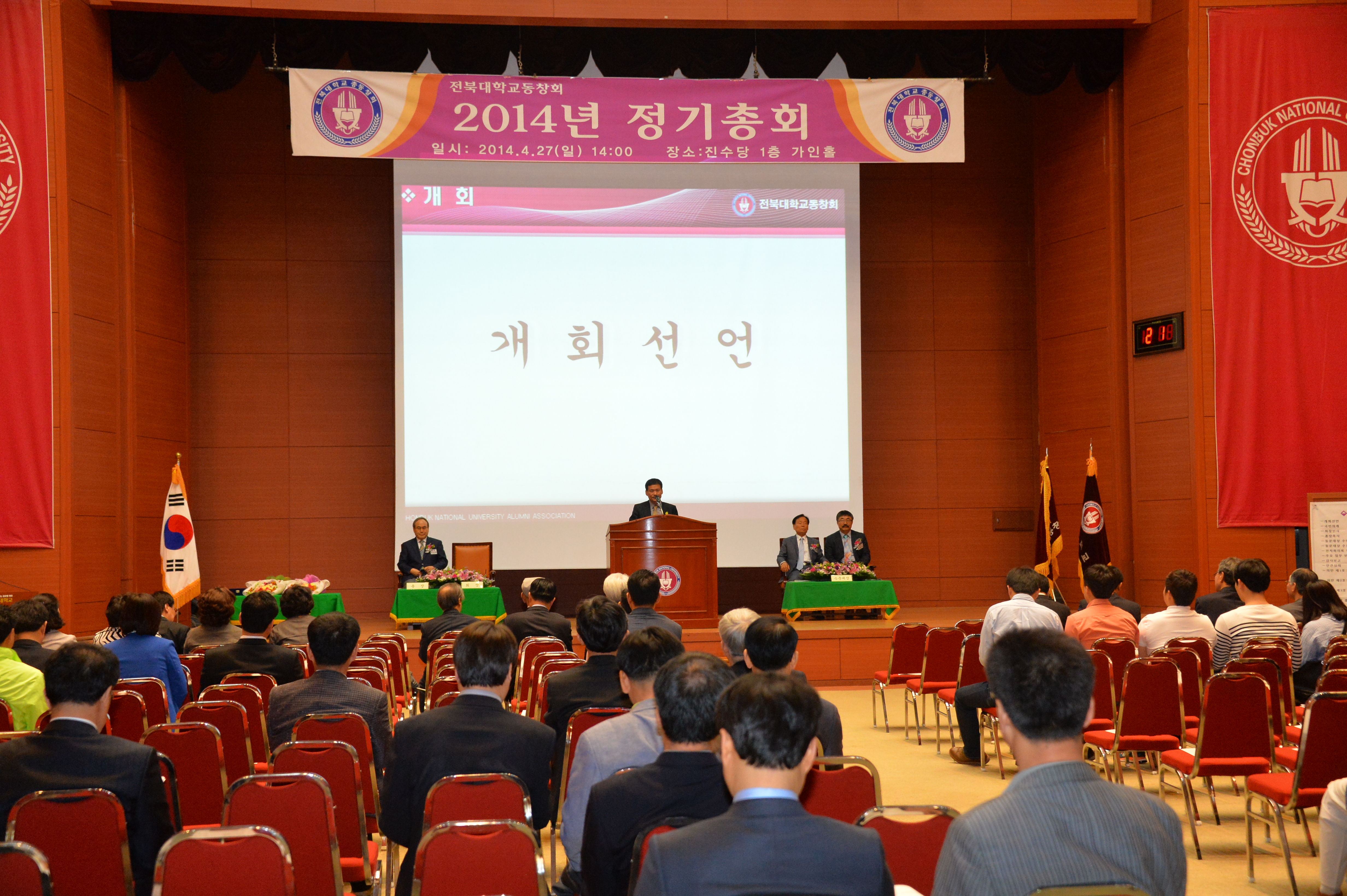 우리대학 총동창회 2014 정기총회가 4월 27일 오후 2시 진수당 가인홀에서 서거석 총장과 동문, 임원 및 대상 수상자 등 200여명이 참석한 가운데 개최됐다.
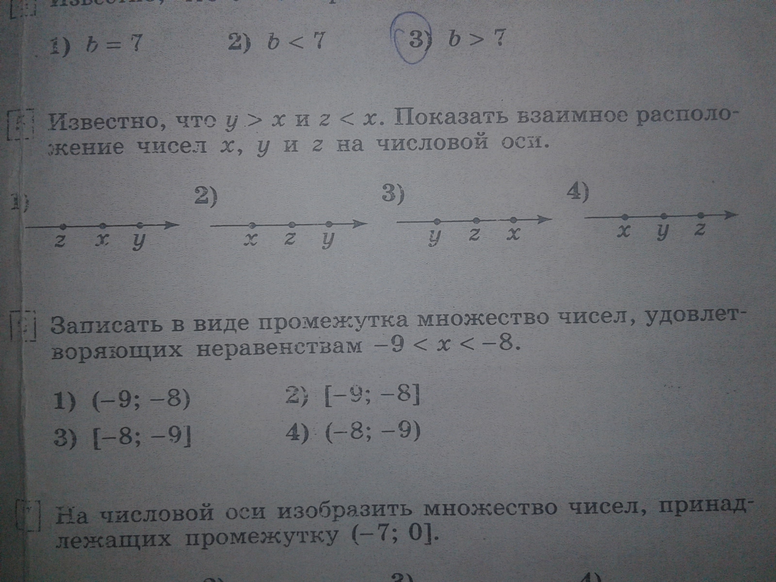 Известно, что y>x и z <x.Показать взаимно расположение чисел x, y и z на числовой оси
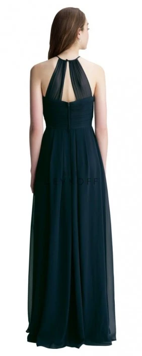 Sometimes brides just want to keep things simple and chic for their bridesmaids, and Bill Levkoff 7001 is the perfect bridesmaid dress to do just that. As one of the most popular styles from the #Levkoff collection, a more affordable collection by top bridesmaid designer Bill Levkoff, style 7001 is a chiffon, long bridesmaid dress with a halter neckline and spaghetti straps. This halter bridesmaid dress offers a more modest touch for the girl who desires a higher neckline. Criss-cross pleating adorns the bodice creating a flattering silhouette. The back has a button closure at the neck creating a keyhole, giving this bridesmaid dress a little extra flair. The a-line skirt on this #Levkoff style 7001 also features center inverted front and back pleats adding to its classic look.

What the task asks —
Omit the pictures, then retype the remaining material without a single change.

Response below —
 우리대학 총동창회 2014 정기총회가 4월 27일 오후 2시 진수당 가인홀에서 서거석 총장과 동문, 임원 및 대상 수상자 등 200여명이 참석한 가운데 개최됐다.
 Известно, что y>x и z <x.Показать взаимно расположение чисел x, y и z на числовой оси
 Sometimes brides just want to keep things simple and chic for their bridesmaids, and Bill Levkoff 7001 is the perfect bridesmaid dress to do just that. As one of the most popular styles from the #Levkoff collection, a more affordable collection by top bridesmaid designer Bill Levkoff, style 7001 is a chiffon, long bridesmaid dress with a halter neckline and spaghetti straps. This halter bridesmaid dress offers a more modest touch for the girl who desires a higher neckline. Criss-cross pleating adorns the bodice creating a flattering silhouette. The back has a button closure at the neck creating a keyhole, giving this bridesmaid dress a little extra flair. The a-line skirt on this #Levkoff style 7001 also features center inverted front and back pleats adding to its classic look.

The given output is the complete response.